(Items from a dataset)
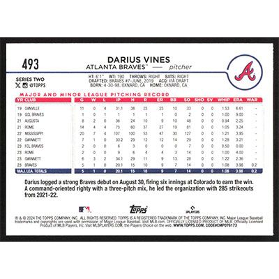 This is a 2024 Topps Darius Vines baseball card. The card is #493 and pictures show condition.
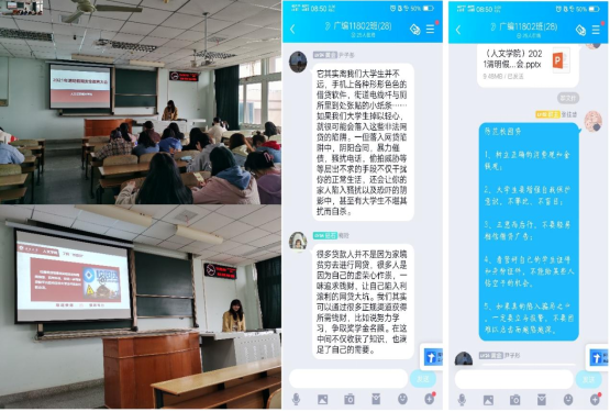 各班对“非法校园贷”的基本内容、基础金融知识以及当前贷款公司常见诱骗形式、如何防范非法校园贷等内容进行宣传推广,揭示非法校园网贷的典型骗局。提醒学生培养积极健康的价值观,树立正确的消费习惯。主题班会后,各班利用班级QQ群交流学习感悟,并就如何有效防范“非法校园贷”展开了热烈讨论,学生受教育效果良好。
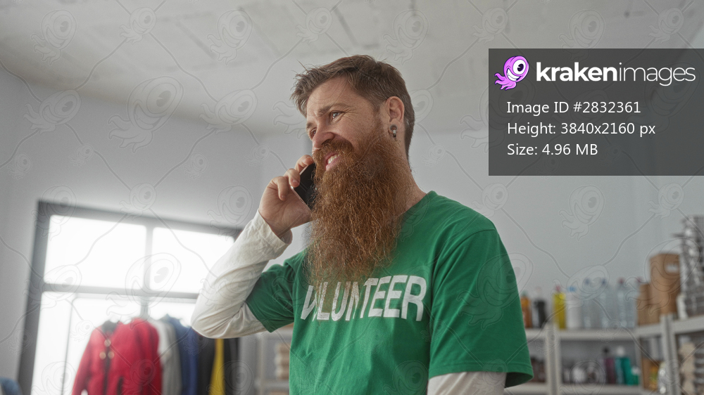 Bearded volunteer man holding smartphone to ear and smiling inside a building donation center; generosity support.
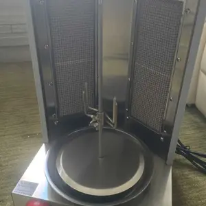 This shawarma machine features a stainless steel heating tube that allows for fast and even cooking with a 360° rotating function, ensuring delicious and flavorful grilled meats.
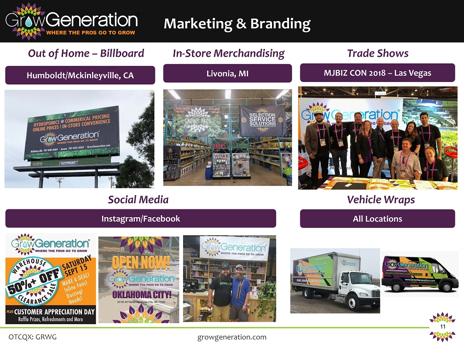 OTCQX: GRWG 11 growgeneration.com Humboldt/Mckinleyville, CA Out of Home – Billboard In - Store Merchandising Livonia, MI Vehicle Wraps Trade Shows MJBIZ CON 2018 – Las Vegas Social Media Instagram/Facebook All Locations Marketing & Branding
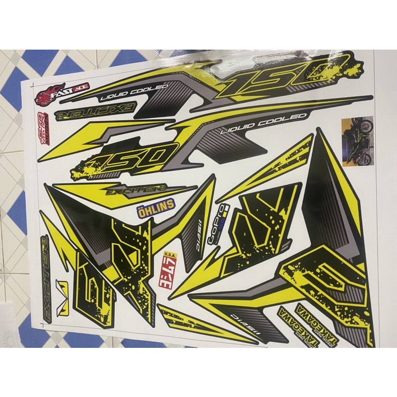 Tem rời xe exciter 150 chữ ex lớn cham vàng xám dán cho xe đen. tem đổi màu dán cho xe màu khác được hết. Thông tin sản phẩm: 1 bộ dán cho 1 xe ( 2 bên xe) chất liệu: decal shinlung cao cấp Đặc tính: decal shinlung cao cấp chống nước siêu tốt, mực in của japan cho đổ phủ sắc nét. tem không phai màu theo thời gian. hướng dẫn 1. Lau chùi, làm sạch bề mặt nhựa xe cần dán tem. 2. Tách lớp decal và dán vào bề mặt sản phẩm. 3. Dán vào lấy tay hay miếng gác cao su vuốt cho tem phẳng không bị nổ bong bóng 4. Sử dụng hột quẹt lửa hay máy sấy hơ sơ qua tem để tăng độ bán dính, giữ sản phẩm tốt hơn theo thời gian lâu dài 5. Khi dán bóc tới đâu dán lên xe chỗ phù hợp 6. Tuyệt đối không bóc lớp keo nilon phía trên mặt decal . 7. Sau khi dán xong không nên rửa xe liền ma phải chờ 3-5 ngày sau Cần j thì inbox shop dùm. Gửi hình tem logo bạn muốn lấy Nhận làm tem xe các thể loại zin, chế. Nhận thiết kế theo sở thích. Tem do đội ngũ designer vẽ , có thể chỉnh sửa , đổi màu tùy theo sở thích của mỗi người. Ngoài ra còn rất nhiều tem khác, các ae có thể liên hệ hoặc inbox Fb mũ bảo hiểm thể thao (Search 0787205974) hay Ngọc David để bít thêm thông tin chi tiết Ae cần tem j thì inbox nha. Thiết kế in ấn tem các loại, tem 3 lớp kg phai màu và tem chất liệu candy, nhôm xướt, phản quang... Lh 0787205974 Thanks
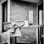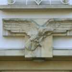 A modern work of art by an American Martha Rosler. She conceived an entire installation in different places of the city called “Unsettling the Fragments”. The “eagle” fragment exists outside the entrance to the Münster Arcades. The eagle at the Arcades is a replica, but the original can still be seen today at the former Lufttransportkommando (air force transport command) of the Wehrmacht (now the Bundeswehr), which was established in 1935 under the direction of Ernst Sagebiel. However, the swastika that the eagle was holding in its claws was chiseled off after 1945 – its picture can be seen above.
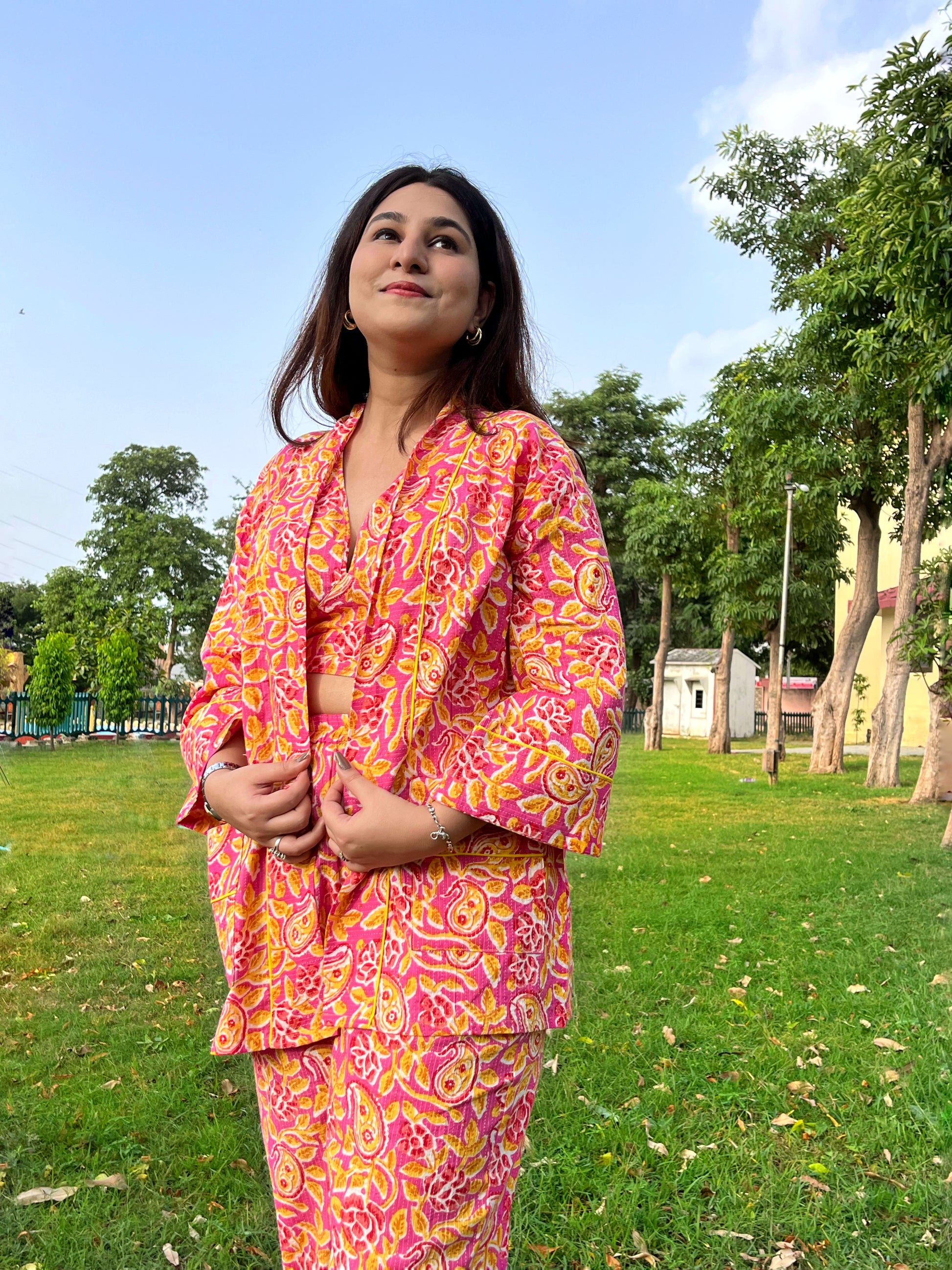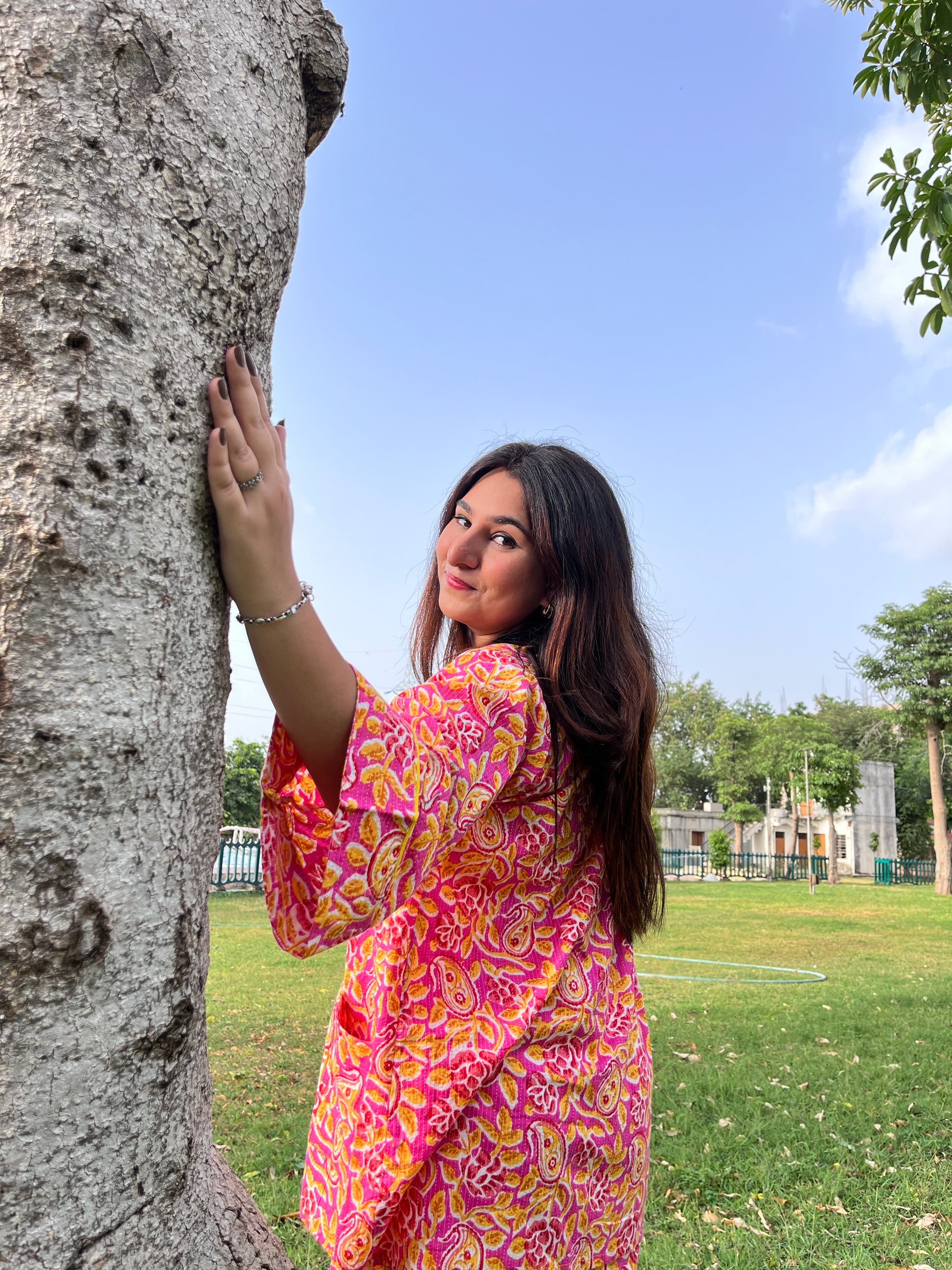 Whether you're hitting up a music festival, hanging with your squad, or just want to add a pop of personality to your everyday look, the Pink Lemonade Kantha Funk Kimono has got your back. Its flowy silhouette drapes effortlessly over any outfit, giving you that effortlessly cool vibe you've been cravingπβ¨

→ EXERCISE: Nothing but the lines above, starting at the line that contains "Bearded volunteer man" and ending at the line that contains "OTCQX: GRWG 11", should be given again, exactly and without the pictures.

→ REPLY TO THE TASK:
 Bearded volunteer man holding smartphone to ear and smiling inside a building donation center; generosity support.
 This shawarma machine features a stainless steel heating tube that allows for fast and even cooking with a 360° rotating function, ensuring delicious and flavorful grilled meats.
 OTCQX: GRWG 11 growgeneration.com Humboldt/Mckinleyville, CA Out of Home – Billboard In - Store Merchandising Livonia, MI Vehicle Wraps Trade Shows MJBIZ CON 2018 – Las Vegas Social Media Instagram/Facebook All Locations Marketing & Branding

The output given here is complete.